Abstract
Every data set has a story to tell and has a unique set of characteristics depending on various factors
like (a) the domain of the data, (b) external factors forcing the data to follow some pattern, (c) data
instances, (d) various dimensions and their data types, (e) interactions between the instances and the dimensions and (f) most importantly, the underlying patterns in the data set. Interactions are the various types of relationships that the instances and dimensions share; for instance, similarities, dissimilarities, nearest neighbor relations, or any other semantic relation defined over data instances and dimensions.
Various knowledge discovery techniques aim to obtain these characteristics of data or parts of it -
by analyzing the data, identifying common patterns (like classes, clusters and frequent itemsets) and
anomalous patterns (i.e., outliers). With very large data sets, the summarized characteristics could
also be large, in contrast to the small size they should ideally represent. Effective presentation of the
summary of data is a great utility for the end-user.
The aim of this dissertation is to capture data’s characteristics with the underlying patterns as clusters and outliers.

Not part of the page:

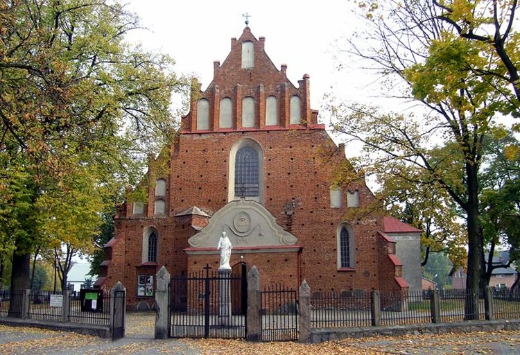 Jest to orientowana, trójnawowa, bazylikowa świątynia późnogotycka wymurowana z cegły w układzie gotyckim z użyciem zendrówki układanej we wzór rombowy oraz dużych, dekoracyjnych kamieni polnych w licu elewacji i szkarp, m.in.: kamień młyński w prezbiterium. Częściowo otynkowana, posiadająca w ścianach otwory maculcowe. Prezbiterium nizsze od nawy głównej, jednak tej samej szerokości, trójprzęsłowe, zamknięte ścianą prostą. Korpus nawy trójprzęsłowy z: od wschodu - kaplicą świętej Anny, od zachodu - kruchą z końca XV w., od północy - kruchtą z 1837 r. Wnętrze. Nawy boczne połączone z główną parami półkolistych arkad z profilowanymi archiwoltami, wspartych na czworobocznych filarach z niskimi toskańskimi pilastrami. Okna zamknięte ostrołukowo w rozglifionych, tynkowanych wnękach zamkniętych półkoliście. W elewacji północnej przy kruchcie wmurowana w ścianę stara kropielnica granitowa. Ołtarze główny i boczne barokowe z obrazami wykonanymi od wieku XVIII do czasów współczesnych, przedstawiającymi m.in.: świętego Piotra, świętych Kryspina i Kryspiniana, świętego Antoniego Padewskiego, św. Izydora Oracza. Wśród rzeźb: popiersie Boga Ojca i figur a św. Michała Archanioła. Warto zwrócić uwagę na kamienny, manierystyczny nagrobek Jędrzeja Noskowskiego - starosty różańskiego i makowskiego.

And later, present a visual information thumbnail of the data’s characteristics for the user to analyze and understand the data and patterns.
Capturing data’s underlying patterns is achieved with data clustering and outlier detection algorithms
based on the concept of reverse nearest neighbors. This dissertation elaborates on the properties and
behavior of reverse nearest neighbor sets useful in the process of detecting outliers and identifying
clusters. We propose a suite of techniques to: (i) identify candidate outliers, (ii) identify clusters, (iii)
identify local outliers, (iv) rank outliers, (v) obtain agglomerative clustering and finally (vi) obtain a
stable clustering result. We also propose two cluster validity measures based on proximity graphs to
evaluate the “goodness” of the clustering results.
Visual information thumbnail is generated by using the results obtained from the clustering algorithm
and the subspace data analysis done using nearest neighbors. The information thumbnail incorporates
various levels of detail, displayed on-demand to the user.